Competitive blockade of the nicotinic receptors at the muscle endplate similar to curare
Clinical signs of diterpene alkaloids?
- sudden death in cattle
- Early signs are signs of neuromuscular blockade including muscle weakness, stiffness, staggering, bloating, recumbency, and collapse
- Monkshood also show cardiac arrhythmias
Treatment for diterpene alkaloid toxicosis?

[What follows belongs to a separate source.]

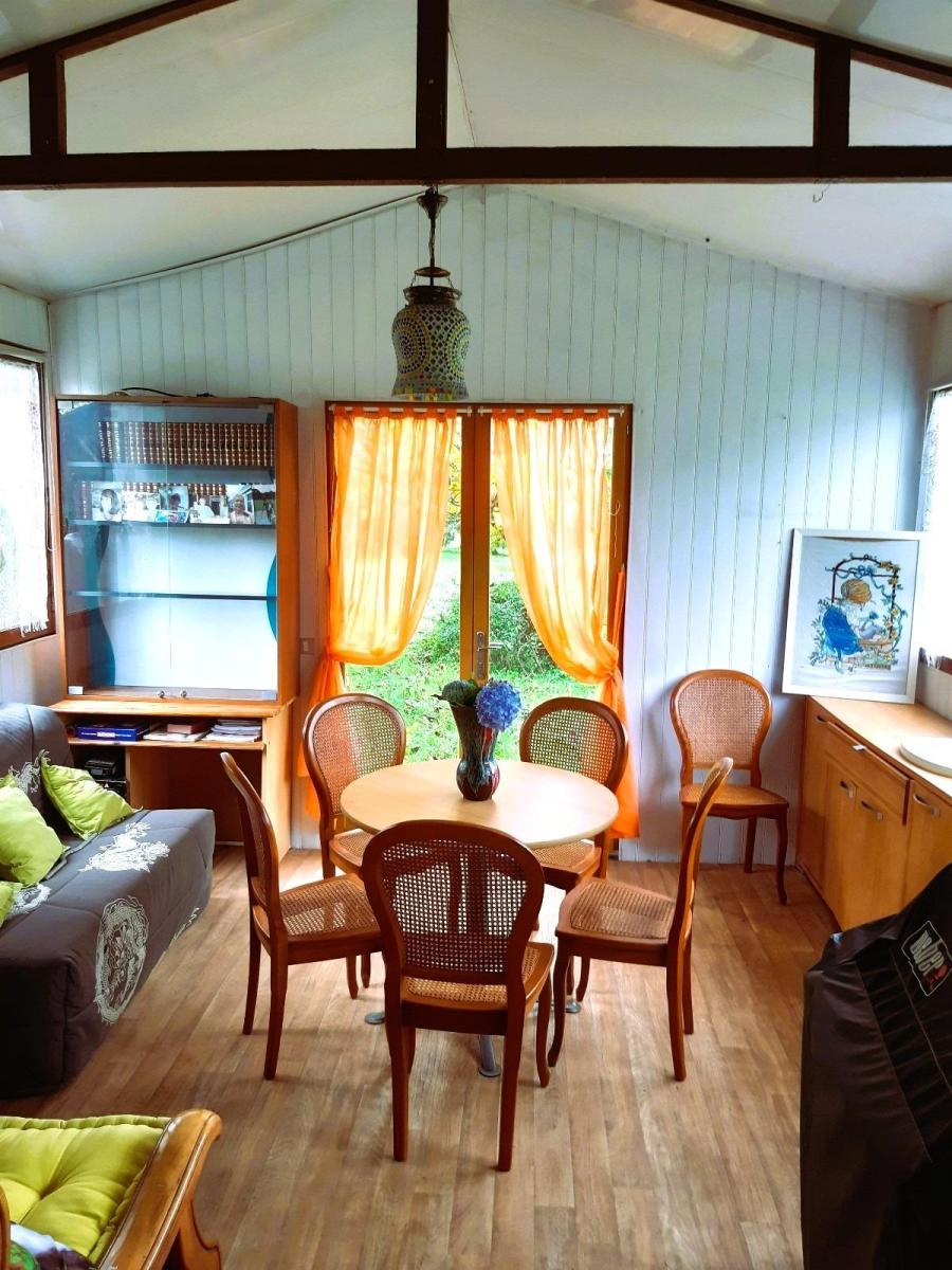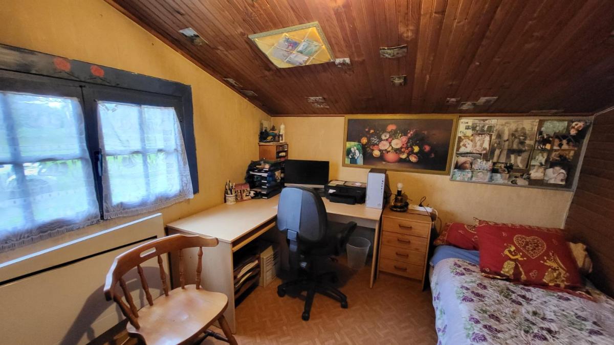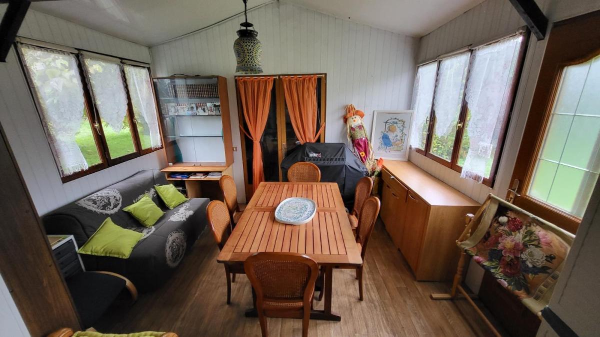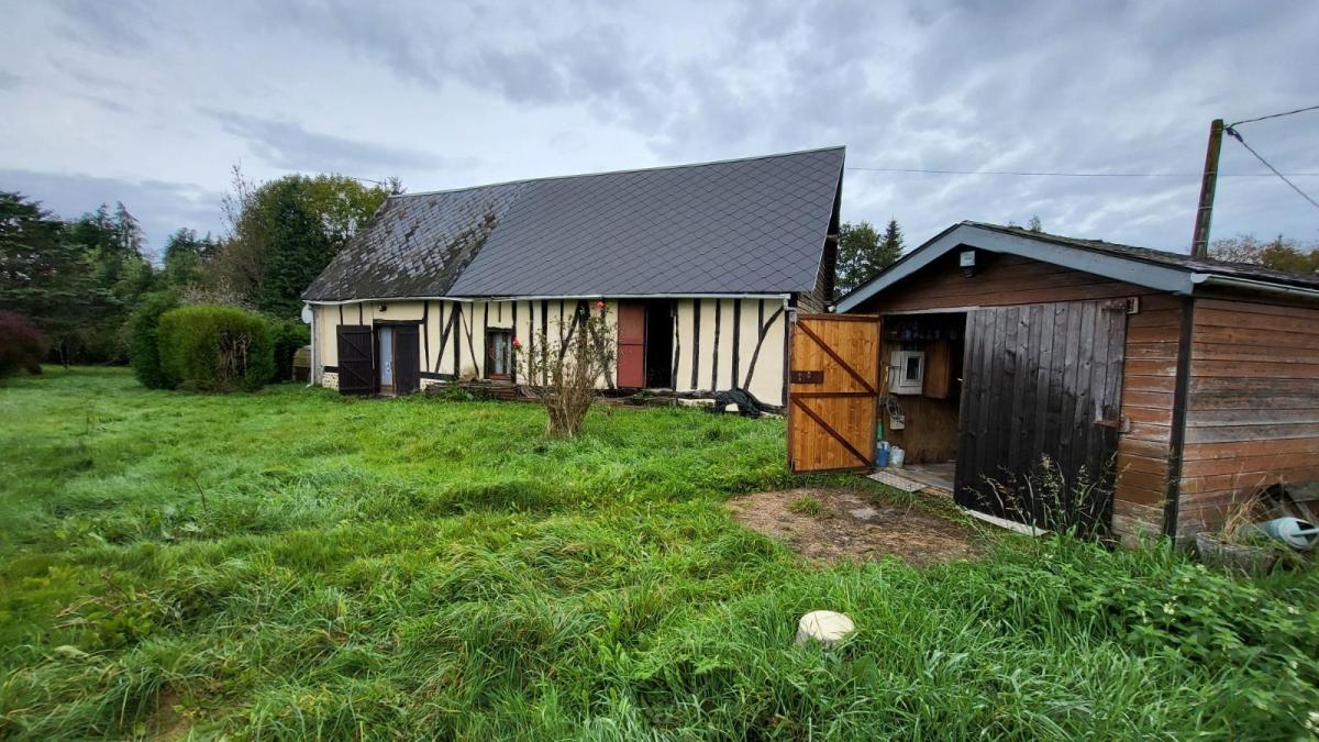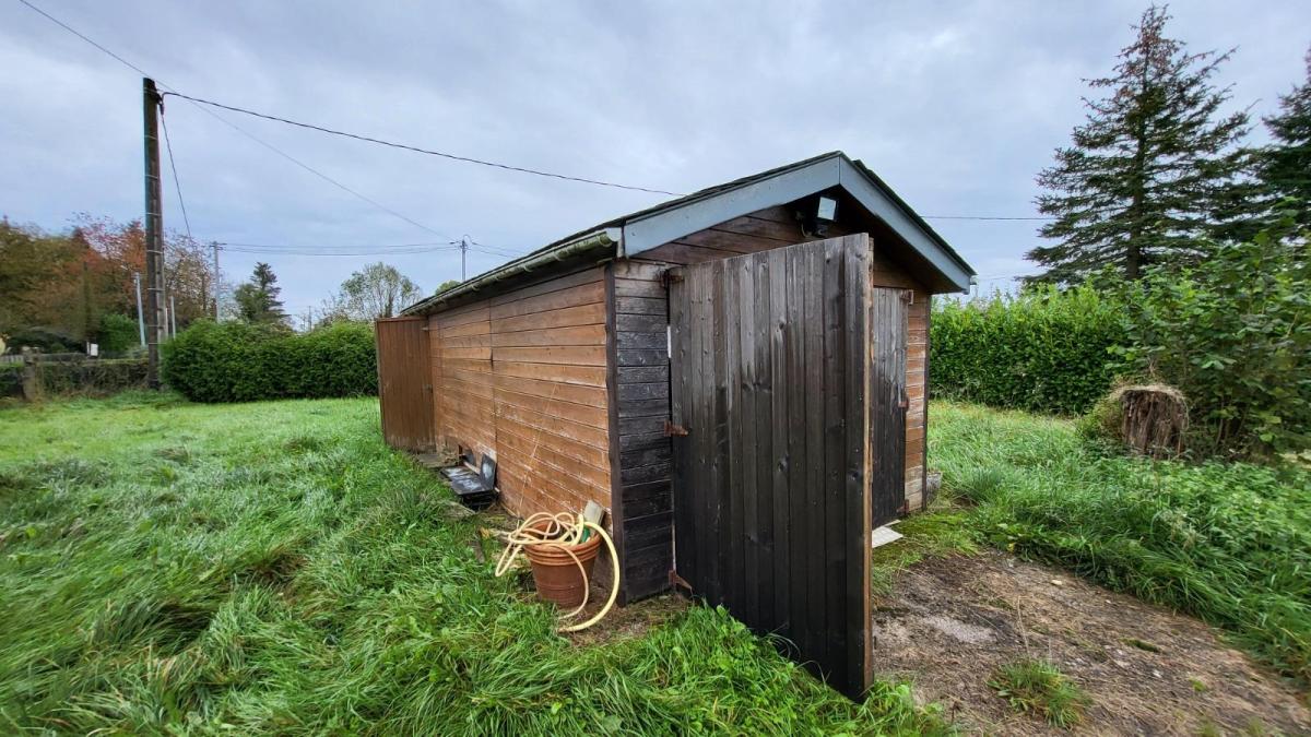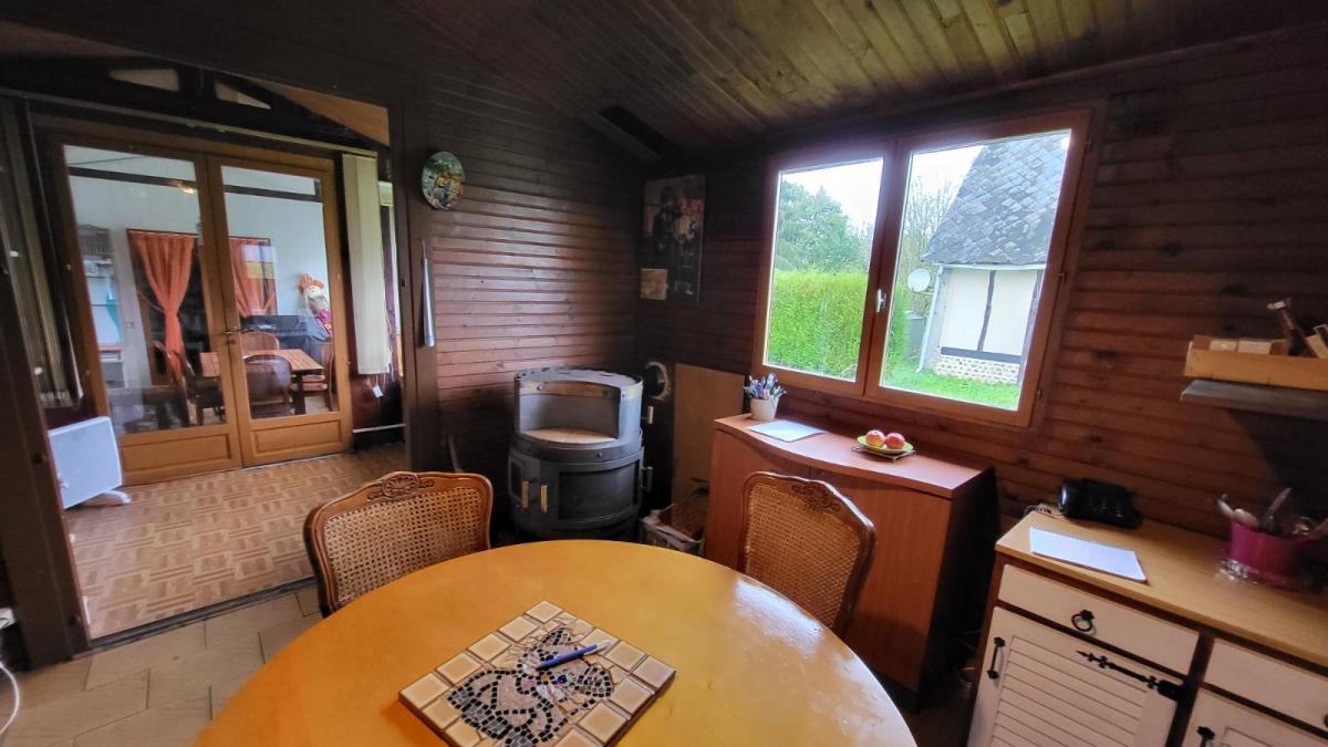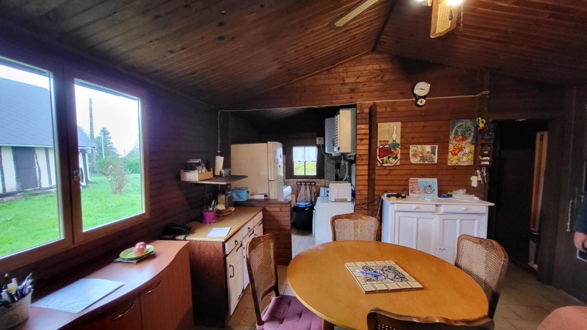1/ Chalet en bois comprenant séjour avec poêle à bois, salle à manger, une chambre, salle de douche, wc 2/ Grange en colombage comprenant cuisine, salle de douche avec wc, bureau 3/ Garage en bois, le tout sur un terrain plat de 5086 m², en campagne au calme. Logement à consommation énergétique excessive Les informations sur les risques auxquels ce bien est exposé sont disponibles sur le site Géorisques : www. georisques. gouv. fr

antidote is physostigmine or neostigmine
MOA and clinical signs of ergot alkaloids?
vasoconstriction and gangrene, uterine contraction
MOA of indolizidine alkaloids?
inhibition of lysosomal enzymes (decreased glycoproteins), peripheral neuronal degeneration (via nitropropanol glycoside also found in plants), abnormal hoof and hair (via selenium also found in plants)
Clinical signs of indolizidine alkaloids?
neuronal signs; depression, incoordination, ataxia, circling, abnormal behavior
infertility, congenital defects, heart failure, wt. loss, dec immune
MOA of lycorine?
emetic and purgative–bulb is most toxic
Clinical signs of lycorine?
anorexia, salivation, V+, D+, hypotension, muscle tremors/seizures
MOA of muscarine?
stimulation of muscarinic cholinergic receptors
Treatment of muscarine?
antidote is atropine, symptomatic tx and decontamination
MOA of piperidine alkaloids?
nicotinic effects starting w/ ganglionic and neuromuscular stimulation followed by ganglionic and neuromuscular blockade
Clinical signs of piperidine alkaloids?
ataxia, incoordination, birth defects (skeletal malformation and cleft palate)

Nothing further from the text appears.